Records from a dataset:

────────────────────

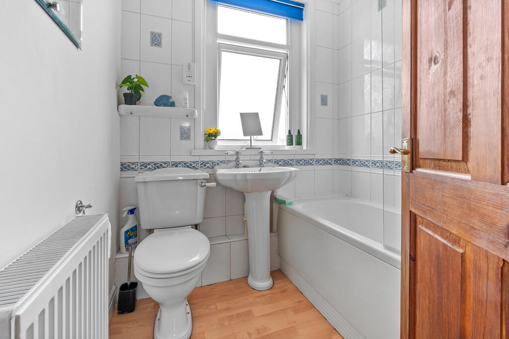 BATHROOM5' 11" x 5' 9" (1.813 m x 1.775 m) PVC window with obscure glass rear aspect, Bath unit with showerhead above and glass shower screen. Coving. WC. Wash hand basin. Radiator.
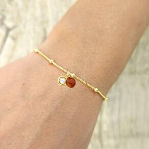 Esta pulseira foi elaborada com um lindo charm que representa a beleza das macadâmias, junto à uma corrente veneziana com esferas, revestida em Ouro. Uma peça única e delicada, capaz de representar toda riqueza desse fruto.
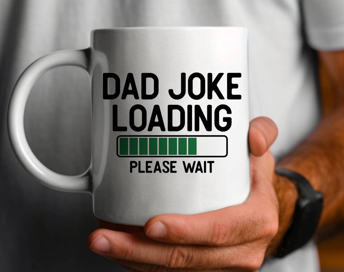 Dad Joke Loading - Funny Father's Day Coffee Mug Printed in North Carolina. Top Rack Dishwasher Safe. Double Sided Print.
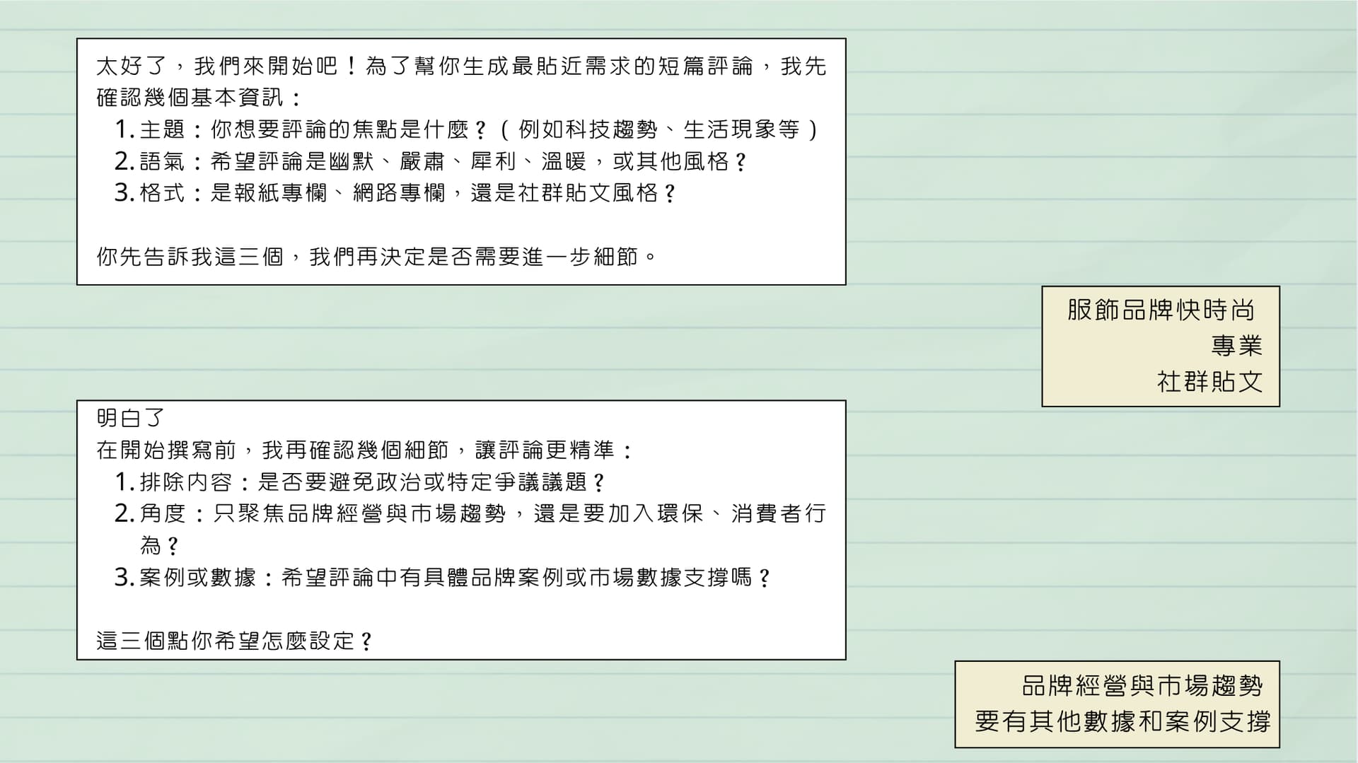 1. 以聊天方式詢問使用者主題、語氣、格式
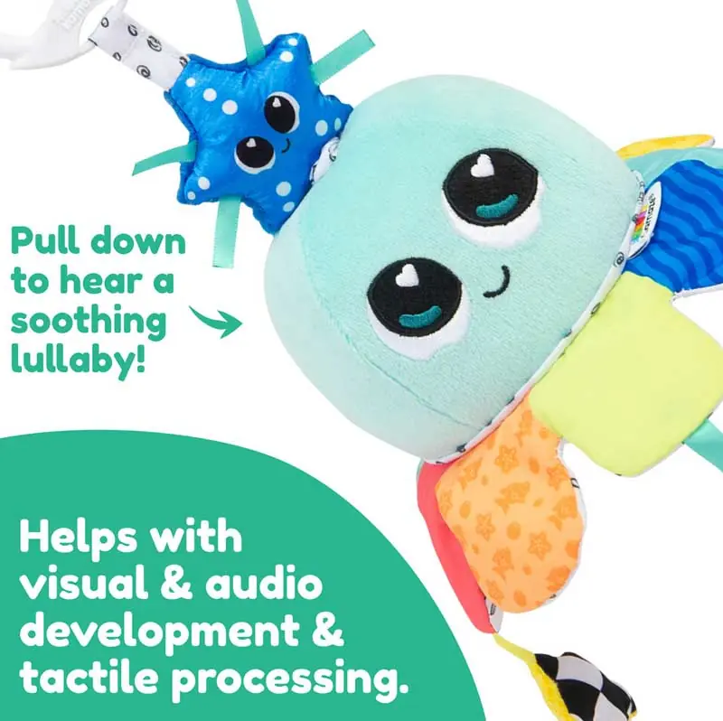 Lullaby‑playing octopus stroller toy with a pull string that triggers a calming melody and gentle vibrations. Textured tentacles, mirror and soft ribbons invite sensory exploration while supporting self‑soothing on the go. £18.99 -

────────────────────

TASK GOAL:
An exact copy of all the data above is required; omit any pictures.

SOLVED PROBLEM:
 BATHROOM5' 11" x 5' 9" (1.813 m x 1.775 m) PVC window with obscure glass rear aspect, Bath unit with showerhead above and glass shower screen. Coving. WC. Wash hand basin. Radiator.
 Esta pulseira foi elaborada com um lindo charm que representa a beleza das macadâmias, junto à uma corrente veneziana com esferas, revestida em Ouro. Uma peça única e delicada, capaz de representar toda riqueza desse fruto.
 Dad Joke Loading - Funny Father's Day Coffee Mug Printed in North Carolina. Top Rack Dishwasher Safe. Double Sided Print.
 1. 以聊天方式詢問使用者主題、語氣、格式
 Lullaby‑playing octopus stroller toy with a pull string that triggers a calming melody and gentle vibrations. Textured tentacles, mirror and soft ribbons invite sensory exploration while supporting self‑soothing on the go. £18.99 -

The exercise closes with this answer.